As many of us in the audience roused in song and tear-filled eyes with Iman Fandi’s beautiful rendition of Lee’s Bunga Sayang and took our phones out in unison to capture the fireworks over Marina Bay after Majullah Singapura, I couldn’t help but wonder what the results would be if we could channel part of that passion, belief and unity into our local stock market. Perhaps, SGX Group could send a marching contingent and sponsor an NDP song to lift the animal spirits. If this happens, I would recommend our own Papa Rock, Ramli Sarip.

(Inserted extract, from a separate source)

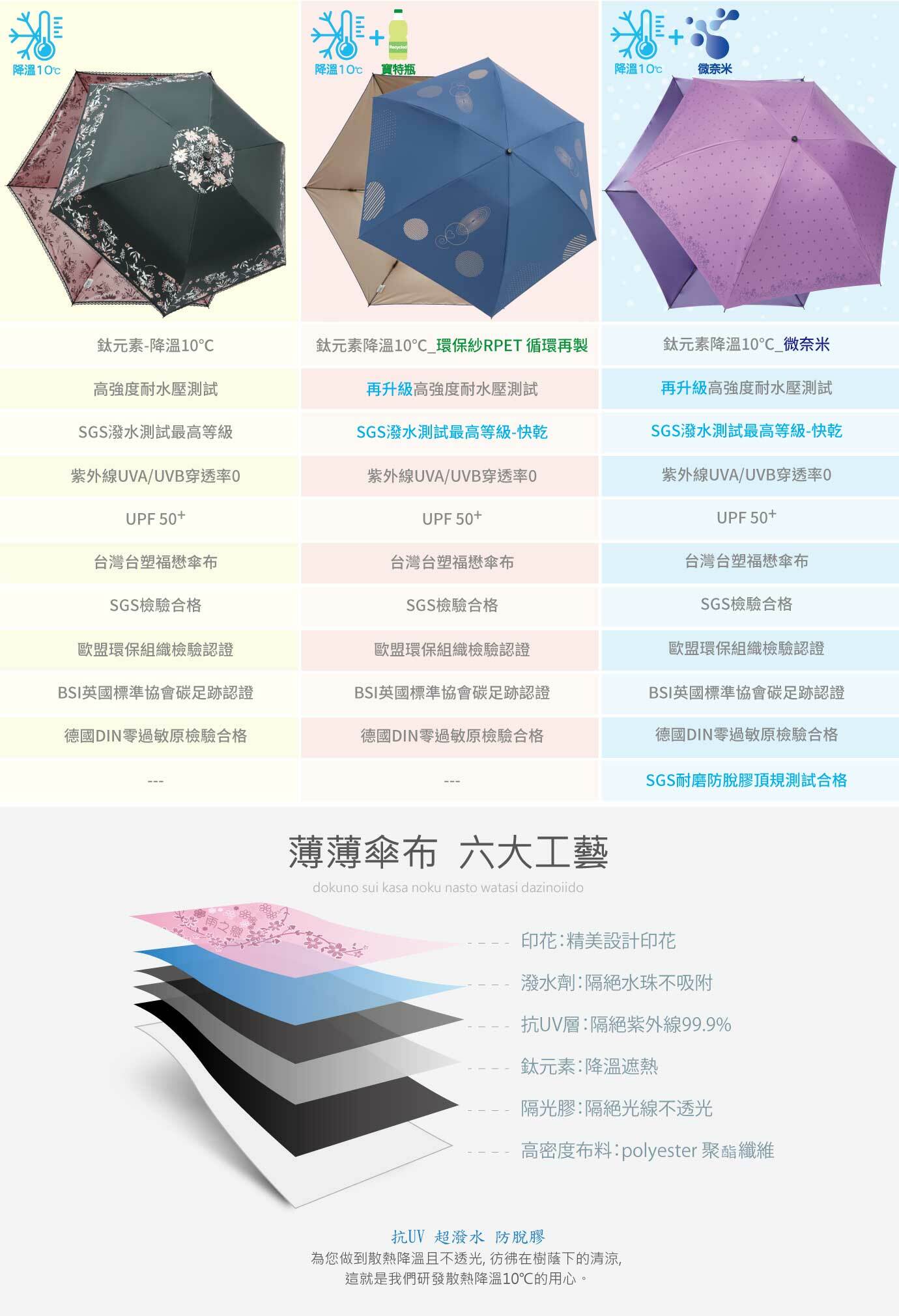 奈米鈦元素使傘布具備散熱降溫最高10℃的特性!並且通過日本カケン檢測中心、歐盟環保、英國碳足跡認證。

When there are troubles to go through
I look around and start anew
For there’s comfort in the knowledge
That home’s about its people too

Ten years ago, in what was a landmark product that encouraged inclusion and long-term equity saving for retail investors, OCBC Bank launched the BCIP (Blue Chip Investment Plan) that allowed dollar-cost averaging. Investors could sign up to allocate a fixed monthly sum to be invested in their favourite blue chip. POSB followed suit with a product that linked to a whole basket via the STI ETF — a less risky proposition than buying a single stock. Regular savings plans for mutual funds are not an unusual concept but many investors — sometimes encouraged by their “advisors” or brokers — like to make bigger bets and time the market, often to their detriment.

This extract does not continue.